The matter came to a head during a parliamentary session when PiS leader Kaczyński linked the release of Cyba with what he called “sadism” regarding suspects allied to PiS. 

The opposition leader asked for a parliamentary debate on the way the Tusk government was treating such suspects and whether this was consistent with democratic norms. 

“What is the relationship between humanitarianism and sadism under the Tusk government?” Kaczyński asked.

“On the one hand, we have a ‘humanitarian decision’ to release a murderer, Ryszard Cyba. On the other we have abuse of women being detained for long periods not being able to care for their children and the death of my colleague Barbara Skrzypek driven by a disgraceful long interrogation even though she was not a suspect,” he said.

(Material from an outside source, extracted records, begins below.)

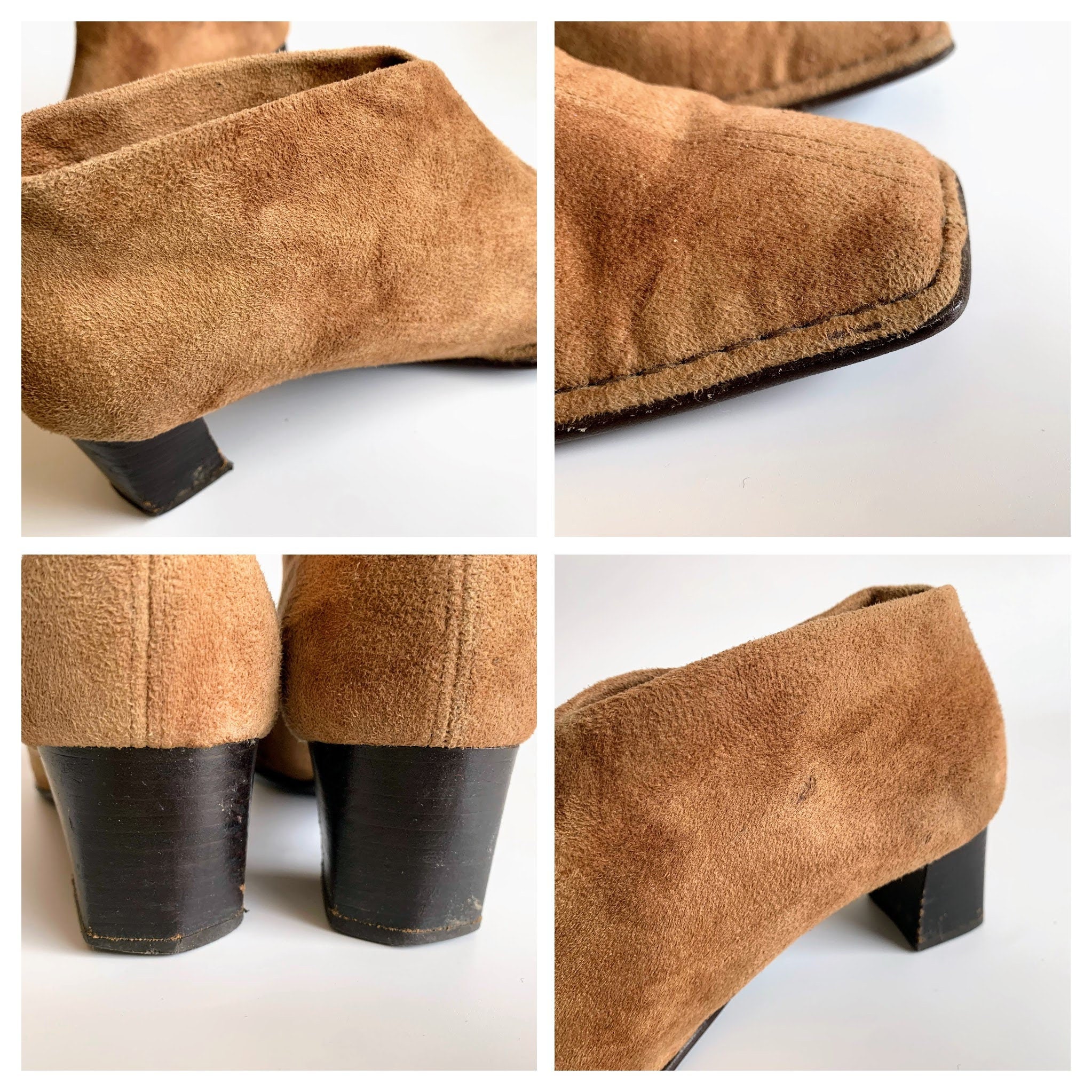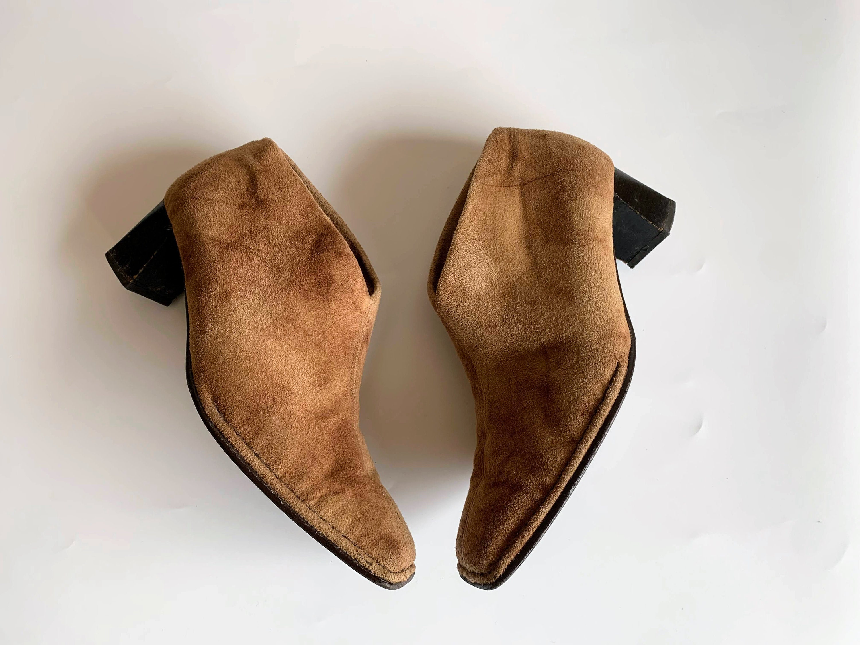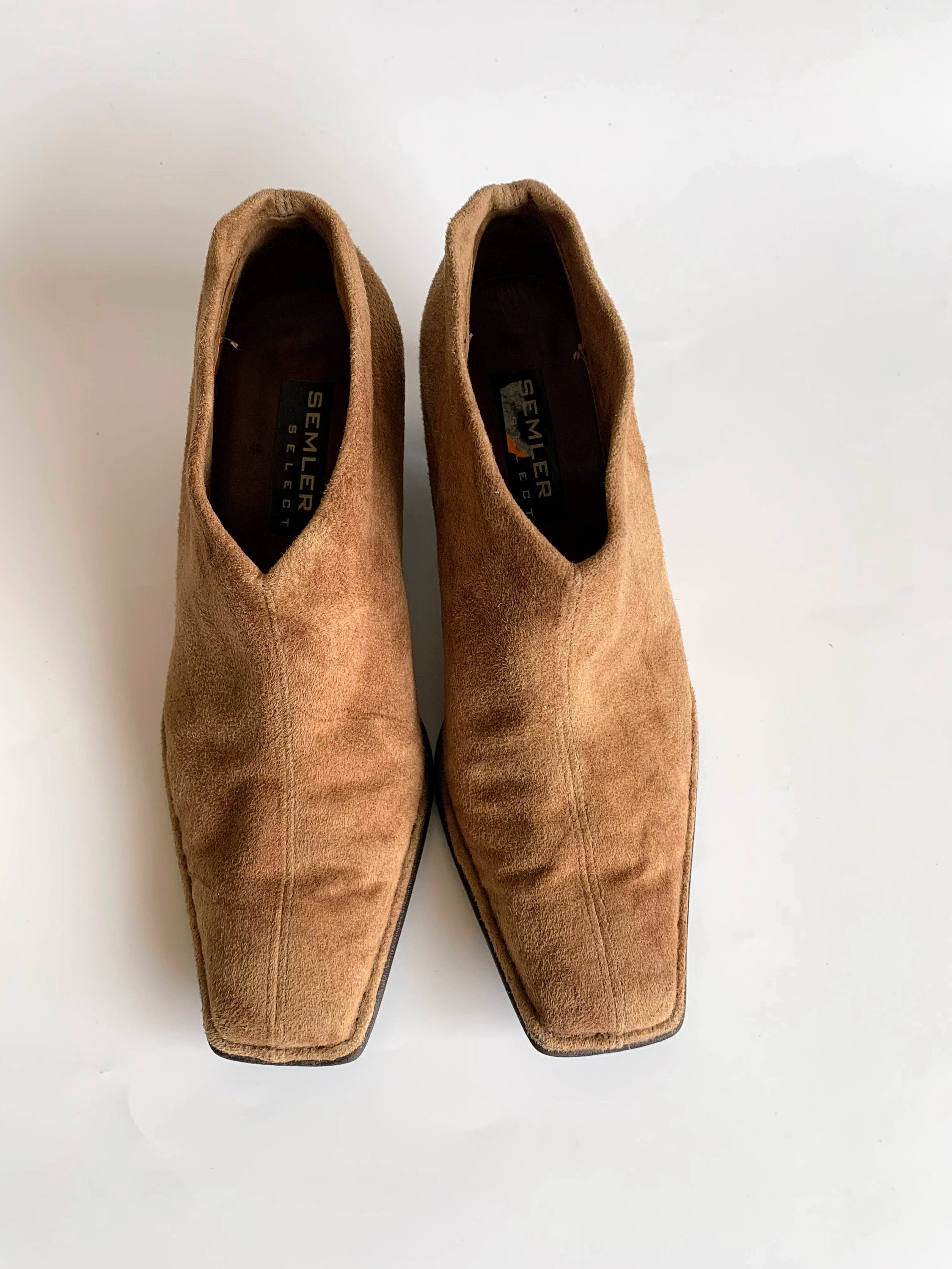 These are vintage 90s Y2K faux suede leather ankle booties by the brand Semler. These ankle slip on shoes for women are made of faux suede upper part, genuine leather interior and rubber sole. The size marked on the leather lining is UK 3 1/2, however these square toe loafers fit a little bigger. These slip on shoes fit more like UK 4, which corresponds to EUR 37, US 6. Please check the measurements below.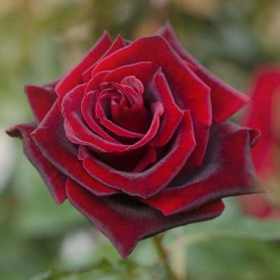 Диаметр раскрытых бутонов составляет 7-8 сантиметров. Густомахровые цветки имеют изящную бокаловидную форму, а их длинные бархатистые лепестки окрашены в темно-красный, почти черный цвет. Они могут расти как поодиночке, так и в соцветиях. Длинные побеги, на которых сидят бутончики, делают сорт идеальным для срезки, однако стоит учесть, что аромат Баркароле не особенно яркий, но очень нежный.
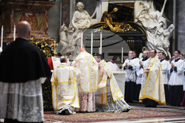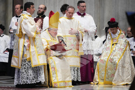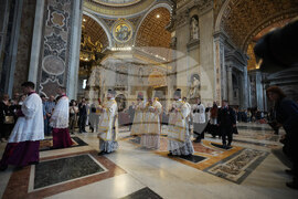 Faithful pray as Cardinal Raymond Leo Burke celebrates an old Latin Mass for pilgrims in St. Peter's Basilica, at the Vatican, Saturday, Oct. 25, 2025. (AP Photo/Alessandra Tarantino)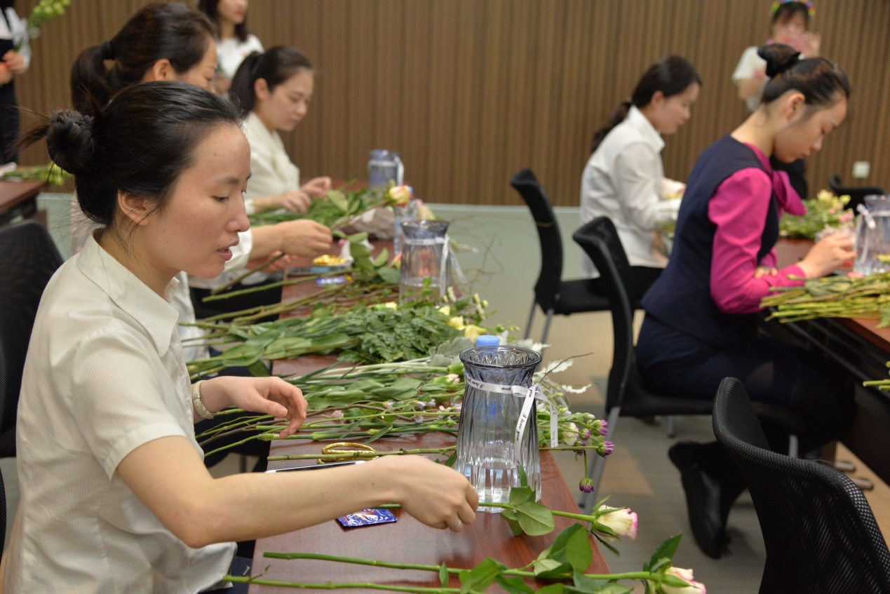 插花,不仅可以美化居住环境,为家庭生活增添美感和温馨,也是探新访友、迎送宾客最高雅、最珍贵的礼品。学会插花,可以与花作伴,以花为友,滋养心灵,陶冶情操,表达情感。2019年5月30日,工商管理学院倪春丽副院长带领李爽老师以及四位学生助教组成社会服务团队,为广东美居物业管理公司提供花艺雅修社会服务。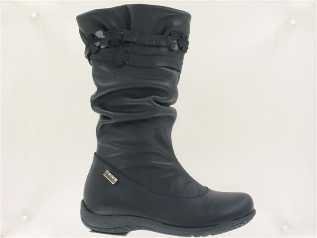 Cizme bleumarin, piele moale, captusite cu piele, cu fermoar lateral. Talpa flexibila
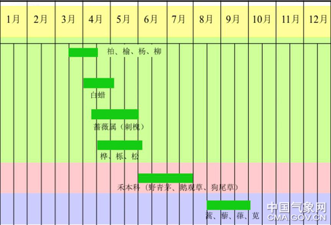 北京常見花粉分布狀況圖。來源:北京市氣象局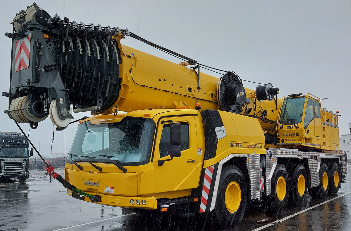 Vor der Premiere des Herstellers erwischt Anfang Juli 2000 kam schon wieder ein nagelneuer Grove-Kran zur Verschiffung nach Bremerhaven. Diesmal ein GMK...

He was referring to the fact that a woman who had worked in a senior position for former PiS prime minister Mateusz Morawiecki was being held on suspicion of corruption having had her feet and hands cuffed during the arrest. She was also reportedly being denied the possibility of regular contact with her autistic teenage son who, during the period of her detention, has attempted suicide. 

The former Morawiecki aides’ lawyers have reported that the prosecutors have now moved to take her child into protective custody while the child’s mother continued to be detained and questioned about her alleged role in soliciting bribes.

According to Tusk’s attorney and MP Roman Giertych, that situation could “end at once if she had the sense to co-operate and turn state witness revealing who she had taken bribes for”.  

Elsewhere, Barbara Skrzypek, a close aide of Kaczyński, was questioned for several hours about what she knew about her boss’s role in the alleged solicitation of bribes from an Austrian developer. 

Skrzypek had reportedly asked for the presence of an attorney because she was in poor health but that was denied by the public prosecutor, while lawyers representing the accuser were present.

She died of a heart attack two days after her interrogation.